Görüldüğü gibi Cürcânî, Hâricîleri eleştirirken kendisi de bir başka yanlışlığın içerisine düşmektedir. Zira, ayet özel bir durumu zikretmekle birlikte, genel bir duruma işaret etmektedir. "Kim Allah'ın indirdiğiyle hükmetmezse..." ifadesi, genel bir ifadedir ve bunun içerisine bütün ilâhî buyrukların dahil olduğu açıktır. Çünkü burada açıkca görüldüğü gibi, önemli olan, indirilenlerin kimler olduğu değil, indirilenle hükmetme meselesidir.

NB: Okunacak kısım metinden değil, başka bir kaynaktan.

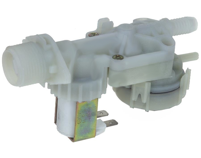C'est la pièce qui permet de contrôler l’arrivée d’eau entrant dans la cuve d’un lave-linge. L’électrovanne est dotée de bobines magnétiques qui, lorsque le cycle de lavage est lancé, permettent à l’eau d'arriver dans la cuve. Lorsque le niveau d’eau est atteint dans la cuve, un capteur envoi un signal à l’électrovanne et coupe l'alimentation électrique.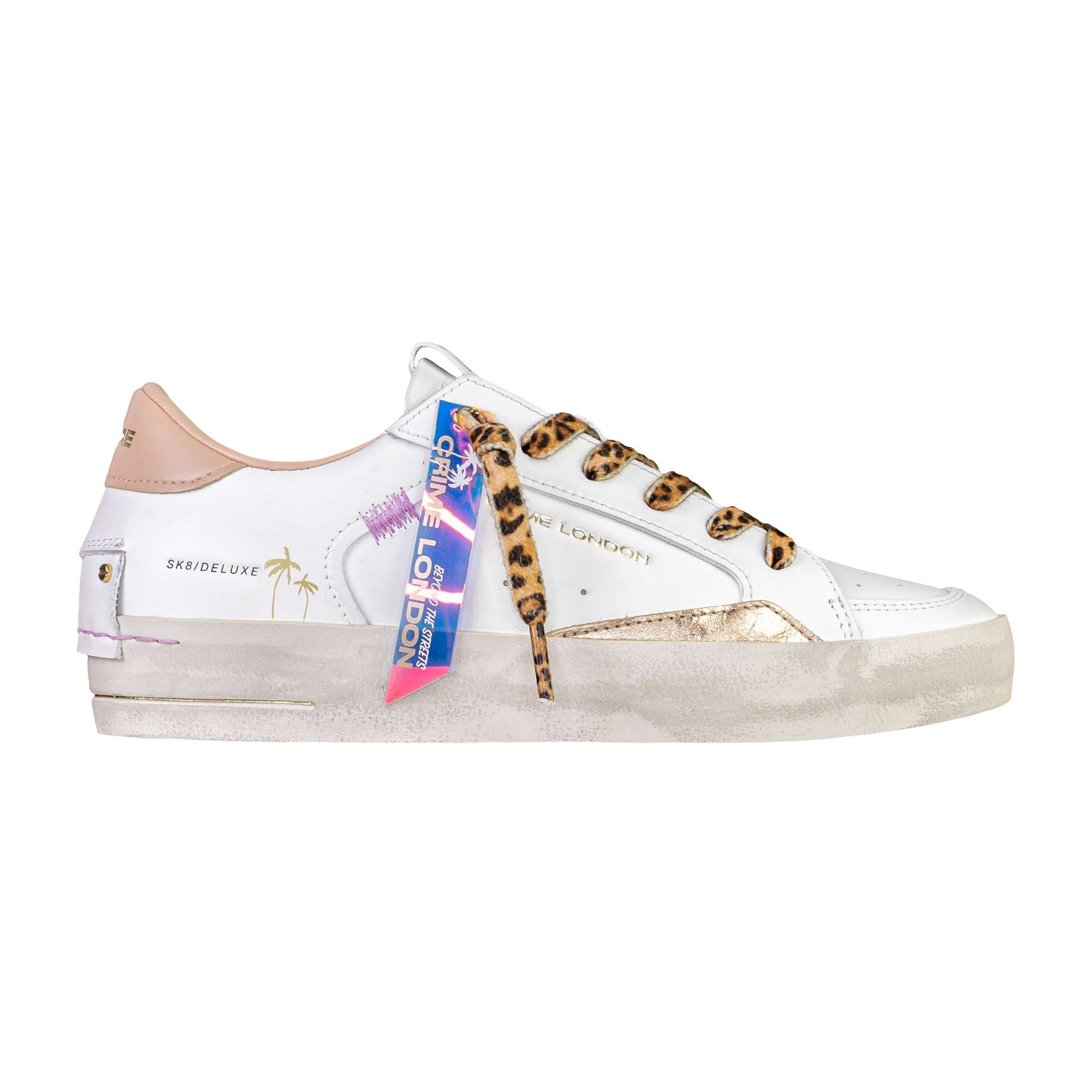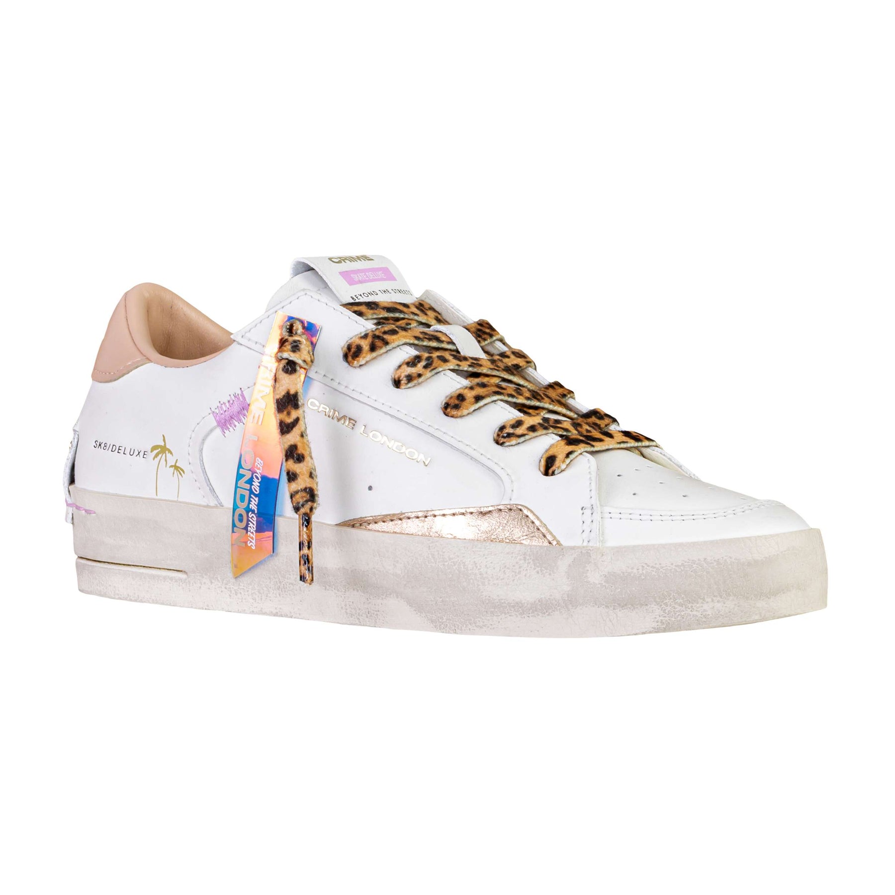 • Dettagli estetici: lacci animalier leopardati, logo Crime London laterale, scritta SK8 Deluxe e finiture artigianali dall’aspetto vissuto.

Onların muhalifleri ise, aynı şekilde dikkatlerini sadece bu ayet üzerinde yoğunlaştırmışlar, ilgili diğer ayetlerin ışığında bütüncül bir değerlendirme yapma yoluna gitmemişlerdir. Mesela, aynı surenin 48. ayetinde, Hz. Peygamber'e, kendisine indirilenle onlar arasında hükmetmesi emredilmektedir. Burada, Hâricîlerin yaptığı hata, hükmü inkar etmekle onu ihmal etmeyi bir görmeleridir. [28] Nitekim Kur'an, bu konudaki farklılığa işaret etmektedir. "Güzel işler yapanlara cennet ve bir de ziyade vardır..." [29]

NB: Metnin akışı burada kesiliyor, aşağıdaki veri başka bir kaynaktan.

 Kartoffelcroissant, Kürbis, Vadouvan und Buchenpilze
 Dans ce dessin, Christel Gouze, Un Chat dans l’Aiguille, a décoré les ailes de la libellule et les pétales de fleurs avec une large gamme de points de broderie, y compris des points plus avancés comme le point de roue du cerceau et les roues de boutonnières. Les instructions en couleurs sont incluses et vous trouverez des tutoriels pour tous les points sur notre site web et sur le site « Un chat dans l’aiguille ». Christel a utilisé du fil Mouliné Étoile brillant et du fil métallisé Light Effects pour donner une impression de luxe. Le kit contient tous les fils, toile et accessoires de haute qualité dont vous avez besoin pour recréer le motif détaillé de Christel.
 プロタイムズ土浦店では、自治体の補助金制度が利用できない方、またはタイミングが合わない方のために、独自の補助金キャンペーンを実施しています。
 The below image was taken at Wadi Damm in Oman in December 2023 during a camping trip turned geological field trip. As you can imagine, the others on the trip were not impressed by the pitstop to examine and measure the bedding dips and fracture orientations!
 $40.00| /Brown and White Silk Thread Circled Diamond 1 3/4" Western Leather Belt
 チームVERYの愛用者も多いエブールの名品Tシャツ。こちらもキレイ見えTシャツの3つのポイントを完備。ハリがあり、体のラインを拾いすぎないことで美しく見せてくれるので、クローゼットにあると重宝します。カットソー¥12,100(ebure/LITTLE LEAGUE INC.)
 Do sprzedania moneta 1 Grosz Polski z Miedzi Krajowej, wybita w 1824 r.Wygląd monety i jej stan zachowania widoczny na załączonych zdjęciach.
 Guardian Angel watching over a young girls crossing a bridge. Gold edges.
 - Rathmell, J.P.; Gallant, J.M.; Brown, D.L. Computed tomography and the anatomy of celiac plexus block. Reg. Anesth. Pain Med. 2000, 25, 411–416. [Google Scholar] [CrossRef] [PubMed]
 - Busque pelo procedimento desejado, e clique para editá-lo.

Hâricîlerin dayandığı diğer bir ayette şudur: "Bunu nankörlüklerinin cezası yaptık. Biz hiç nankör olanlardan başkasını cezalandırır mıyız?" [31] Onlara göre bu ayet, her ceza görenin kâfir olduğuna işaret etmektedir. "Bir mü'mini kasten öldüren bir kimsenin cezası cehennemdir" [32] ayetine göre fâsık da ceza görecektir. Şu halde fâsık kâfirdir. Yine Cürcânî'nin, bu ayete getirilen Hâricî yorumun eleştirisinde de, anlam bütünlüğünü dikkate almadığını, sadece "ceza" kavramını tahlil etmeye çalıştığını görmekteyiz. Ona göre, ayetin görünürdeki (zahirî) anlamı, nankörlerden başkalarının da ceza (karşılık) göreceğinden dolayı terkedilmelidir. Zira, ceza kavramı, sevabı ve işlenen suçun karşılığını içine almaktadır. Dolayısıyla fâsıkın, kâfire verilen cezanın aksine bir ceza görmesi câizdir. [33]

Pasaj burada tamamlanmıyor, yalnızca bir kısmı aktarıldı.